Habitat Montréal

The chapter I wrote with Guido van Rossum about Python async coroutines is available now, as an early access release before publication.

The chapter is part of "500 Lines or Less," the latest book in the eminent Architecture of Open Source Applications series. Once published the book will be available for free download, and for purchase—proceeds benefit Amnesty International.

Our chapter is titled "A Web Crawler With asyncio Coroutines". In less than 500 lines of Python, we demonstrate the bones of an async framework similar to asyncio, the framework in Python 3's standard library.

To start, we explain what "async" means and what sort of applications it optimizes. Since a web crawler—a program that fetches all the pages on a site—is ideal for async, we build a web crawler together as our example program.
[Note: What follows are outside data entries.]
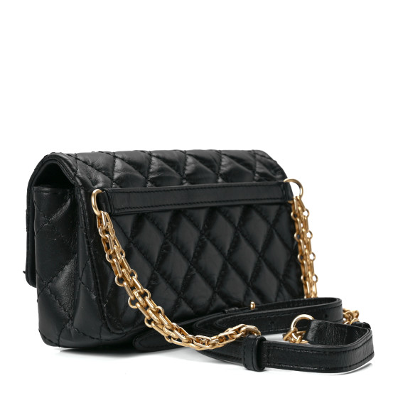 This is an CHANEL Aged Calfskin Quilted 2.55 Reissue Flap Belt Bag Clutch in Black. This stylish waist bag is finely crafted of diamond quilted black calfskin. The bag features a leather belt strap waist strap with adjustment holes. This opens to a black calfskin interior with a patch pocket.
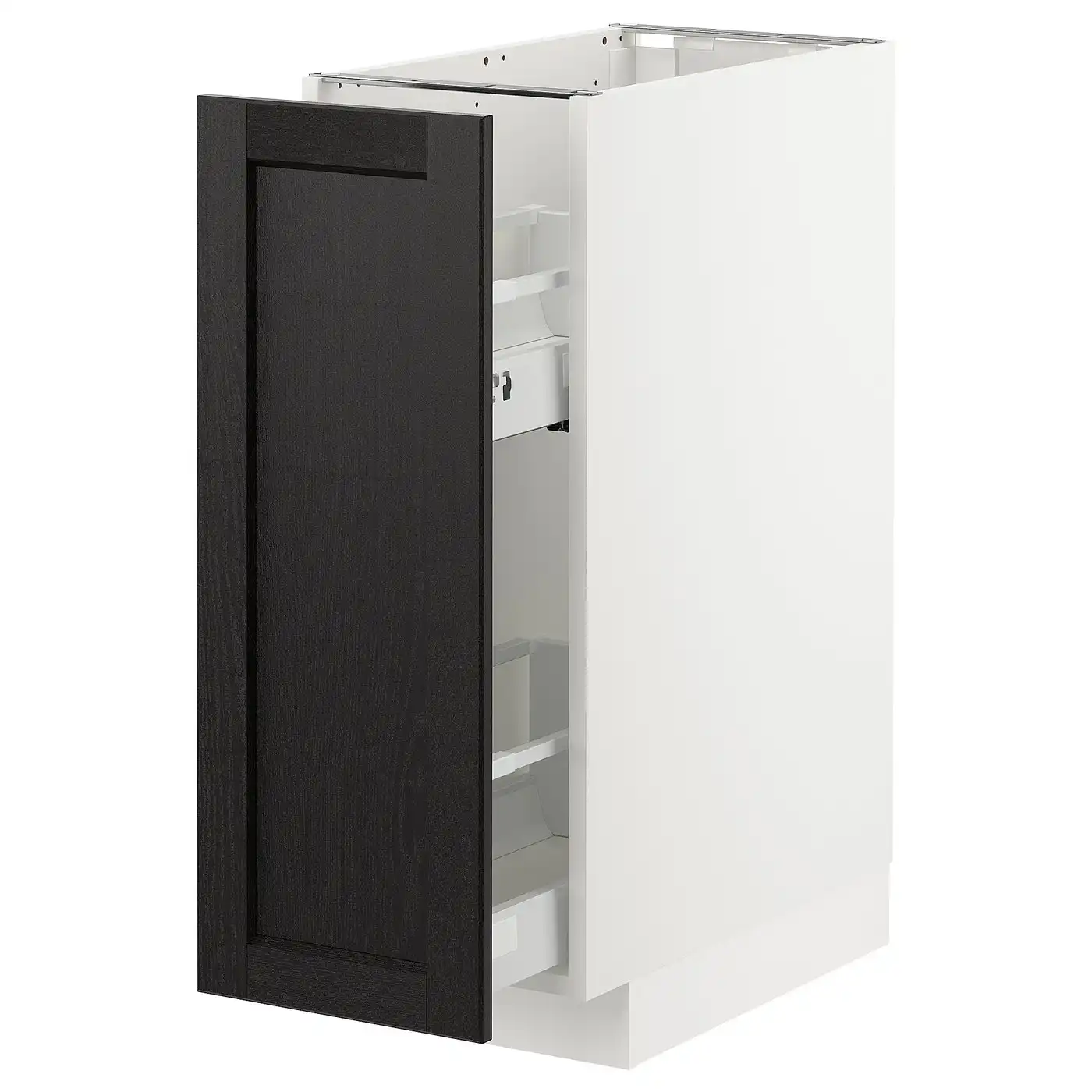 METOD Base cabinet/pull-out int fittings - white/Lerhyttan black stained 30x60 cm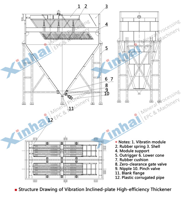 [Improvement]: The stirring device is installed in the center of tiled plate thickener; the vibrator is installed on the outer wall of cone to accelerate the thickening and avoid blockage.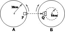 5、选择题 某机器内有两个围绕各自固定轴匀速转动的铝盘A、B,A盘上固定一个信号发射装置P,能持续沿半径向外发射红外线,P到圆心的距离为28cm。B盘上固定一个带窗口的红外线信号接收装置Q,Q到圆心的距离为16cm。P、Q转动的线速度均为4π m/s。当P、Q正对时,P发出的红外线恰好进入Q的接收窗口,如图所示,则Q每隔一定时间就能接收到红外线信号,这个时间的最小值为(?)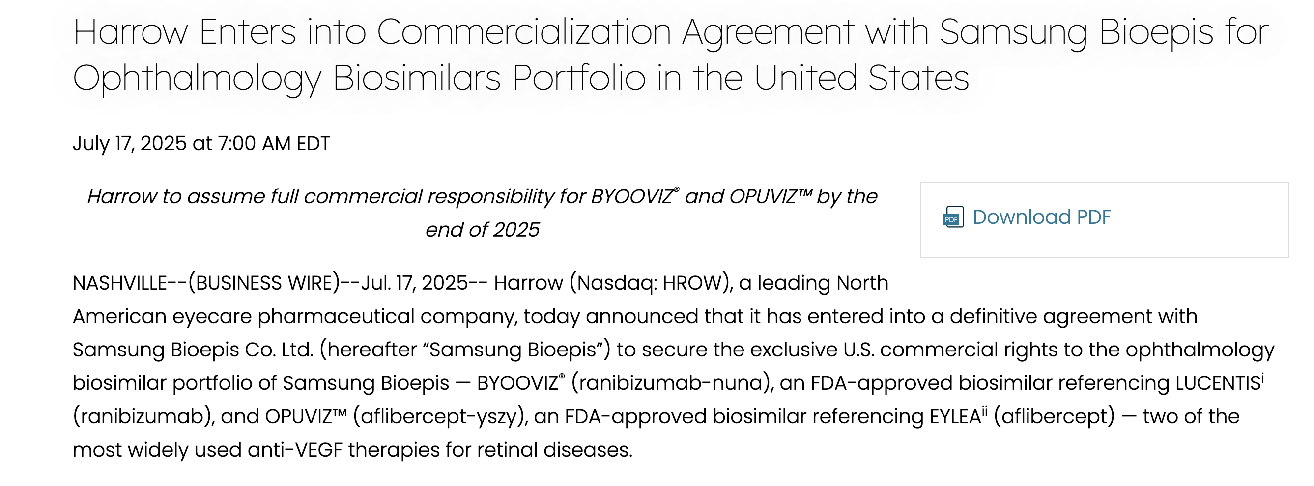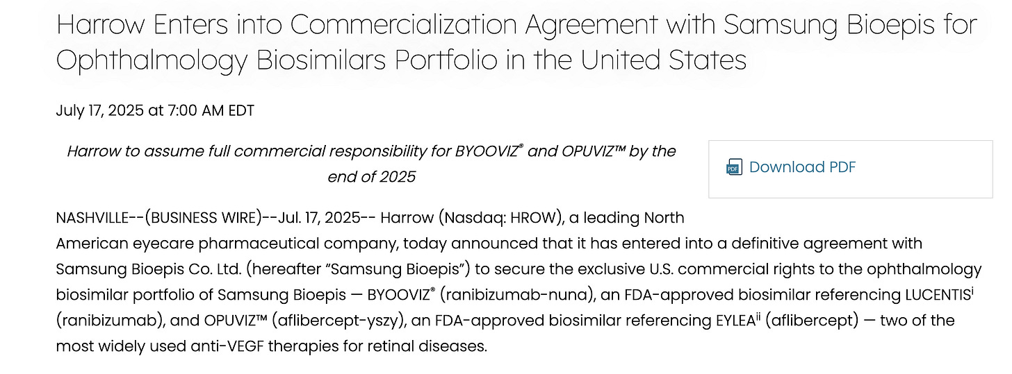 Furthermore, as recently as July 17th, Harrow entered into a commercialisation agreement with Samsung Bioepis for Ophthalmology Biosimilars Portfolio in the United States i.e. BYOOVIZ and OPUVIZ. These are anti-VEGF therapies for conditions such as Age-related macular degeneration, Diabetic Macular Oedema and Retinal Vein Occlusion.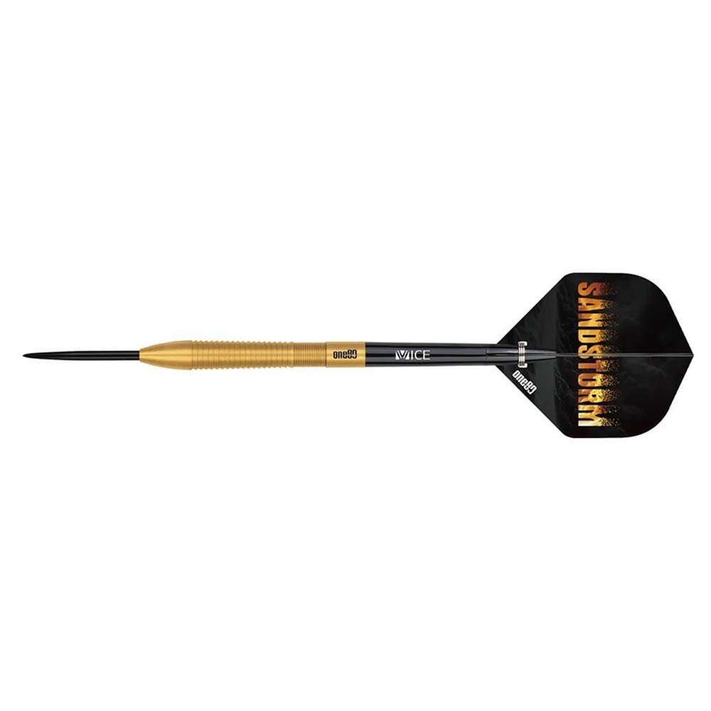 El juego de dardos One80 Sandstorm se compone por 1 set de 3 cuerpos, 1 set de 3 cañas y 1 set de 3 plumas
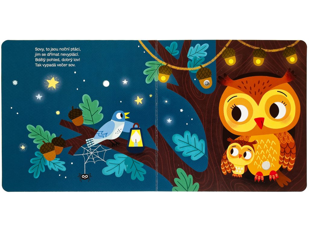 Na noční obloze vyšly první hvězdy a lesní zvířátka se chystají spát. Když se v listnatém lese zešeří a oblohu nad stromy prozáří hvězdičky, zaletí malý ptáček popřát dobrou noc všem svým zvířecím kamarádům. Za svitu měsíce spatří báječné věci. Pojď si je také prohlédnout a poslechnout! Vydej se za zvířátky do lesa s touto veršovanou zvukovou knihou s blikajícími světýlky a zjisti, která zvířátka šla spát a která se naopak probouzí. Společně si předčítejte milé verše, posviťte si na zvířátka a nechte se pomalu ukolébat ke spánku.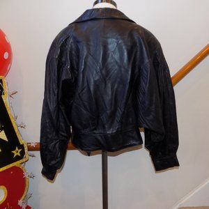 Black Genuine Leather Coat No Tags Dolman Sleeve Lined Pit:16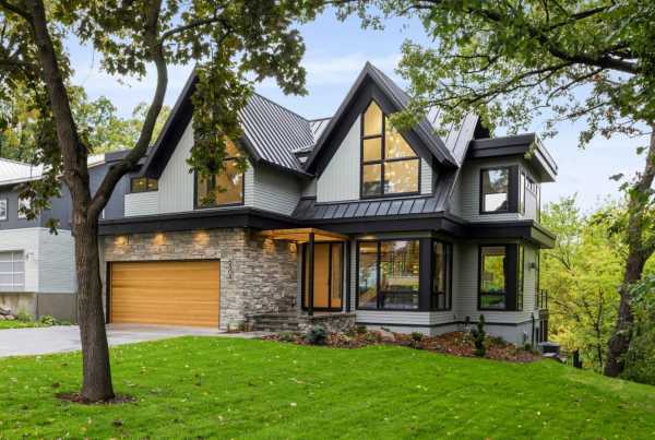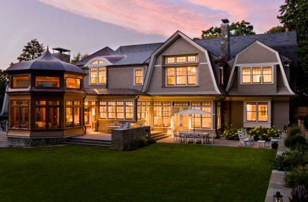 Интересная крыша сложной конфигурации, мансарда над гаражом, большая масса остекления — современные нормандские дома красивы и функциональны одновременно.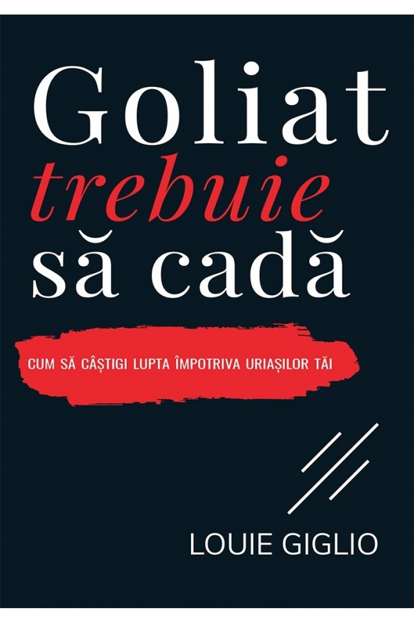 E foarte posibil ca fiecare dintre noi să avem câte un lucru care ne pândește din apropiere și ne fură bucuria; un obicei, o amintire sau un mod de gândire cu care ne-am obișnuit. Nu trebuie să fie neapărat alcoolismul sau anorexia sau depresia. Uriașii sunt de multe feluri, iar unii sunt foarte subtili, scrie Louie Giglio în introducerea cărții Goliat trebuie să cadă. Indiferent de câte ori te-ai zbătut înainte sau cât de sonoră este vocea care-ți spune că nu vei fi niciodată altfel decât ești acum, Dumnezeu îți comunică astăzi altceva. Poți trăi liber. Paginile care urmează nu sunt rodul unui optimism de tip „pară mălăiață”. Ceea ce ți se prezintă aici este o cale verificată în timp spre un mod de viață cu totul diferit. Știu lucrul acesta pentru că și eu am fost la fel ca tine. M-am confruntat și eu cu uriașii mei și am văzut puterea și tăria lui Dumnezeu care au depășit cu mult cele mai susținute eforturi ale mele, recunoaște Louie Giglio.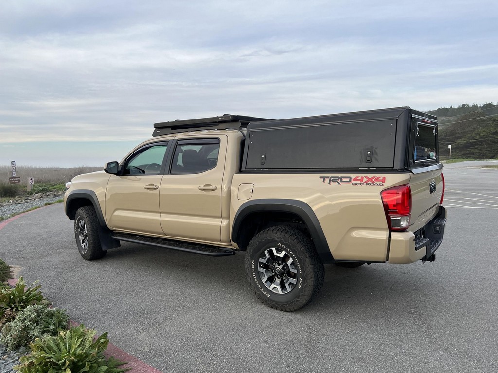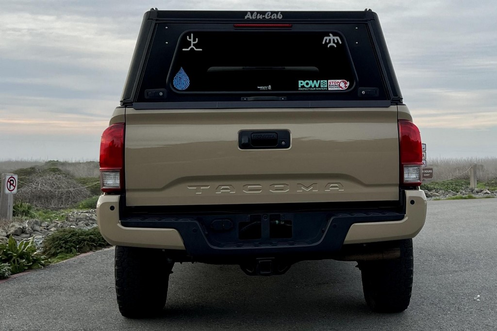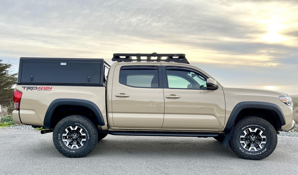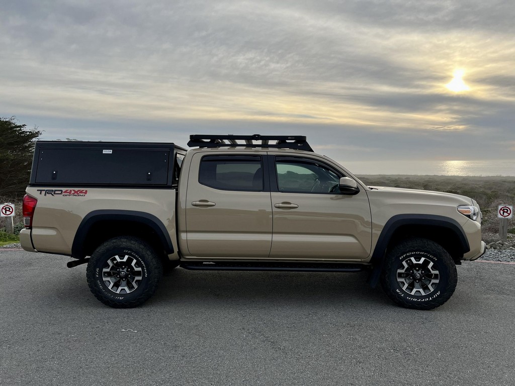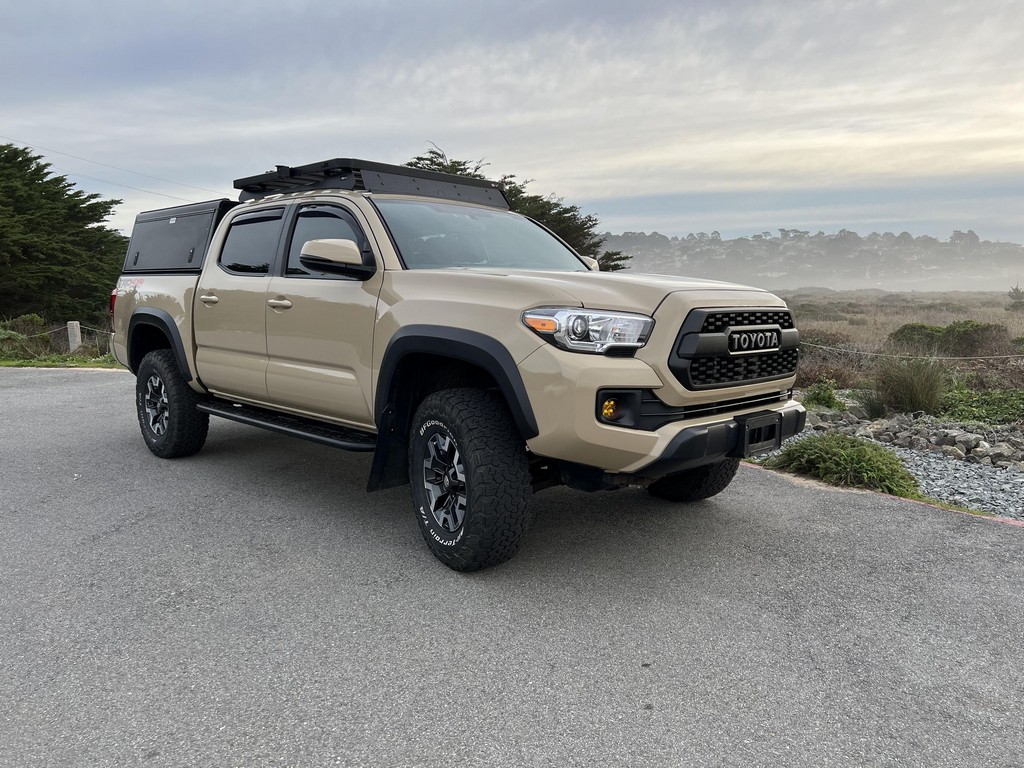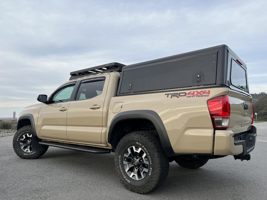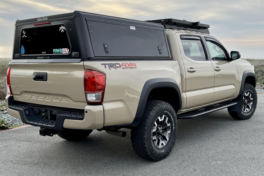 THIS… is a 2017 Toyota Tacoma TRD Off-Road Double Cab, finished in Quicksand with a black interior.The attached Carfax vehicle history report lists no accidents or mileage discrepancies in this Toyota’s past. This Tacoma came equipped with the Premium and Technology package, which adds features such as heated front seats, a wireless smartphone charging station, and a blind-spot monitor. Additional features include a locking rear differential with A-TRAC, off-road-tuned suspension, an Entune premium audio/navigation system, and more as detailed below. Some highlights include an Alu-Cab Explorer III bed canopy, Toytec Lift rear add-a-leaf kit, Timbren active off-road bump stops, Total Chaos bedside reinforcement braces, and an OVTune 91 octane ECU tune. Introduced in 2015, the third-generation Tacoma came equipped with an optional Atkinson cycle V6 engine utilizing Variable Valve Timing with intelligence (VVT-i), which replaced Toyota’s previous VVT system. The third-generation “Taco” also featured updated styling, a more comfortable interior, and a more rigid high strength steel frame. Power for this Tacoma comes from a “2GR-FKS” 3.5-liter V6 engine, rated at 278 horsepower and 265 lb-ft of torque. Due to the tune added to this Taco, it may produce more power, but a dyno sheet was not provided to confirm. Output is sent to all four wheels via a 6-speed manual transmission.

The chapter proceeds in three stages. First, we show an async event loop and sketch a crawler that uses the event loop with callbacks: it is very efficient, but extending it to more complex problems would lead to unmanageable spaghetti code. Second, therefore, we show that Python coroutines are an efficient and extensible alternative to callbacks. We implement simple coroutines in Python using generator functions. In the third stage, we use the full-featured coroutines already available in Python's standard "asyncio" library, and show how to coordinate coroutines using an async queue.

I'm honored to work with Guido and bring to completion this project he began last year. My gratitude goes to the editor Michael DiBernardo for inviting me to co-author this chapter, to Ben Darnell and Pete Soderling for their insightful editing, to Andrew Svetlov for his timely technical contributions, and Brett Cannon for meticulously reviewing and patching the early access release.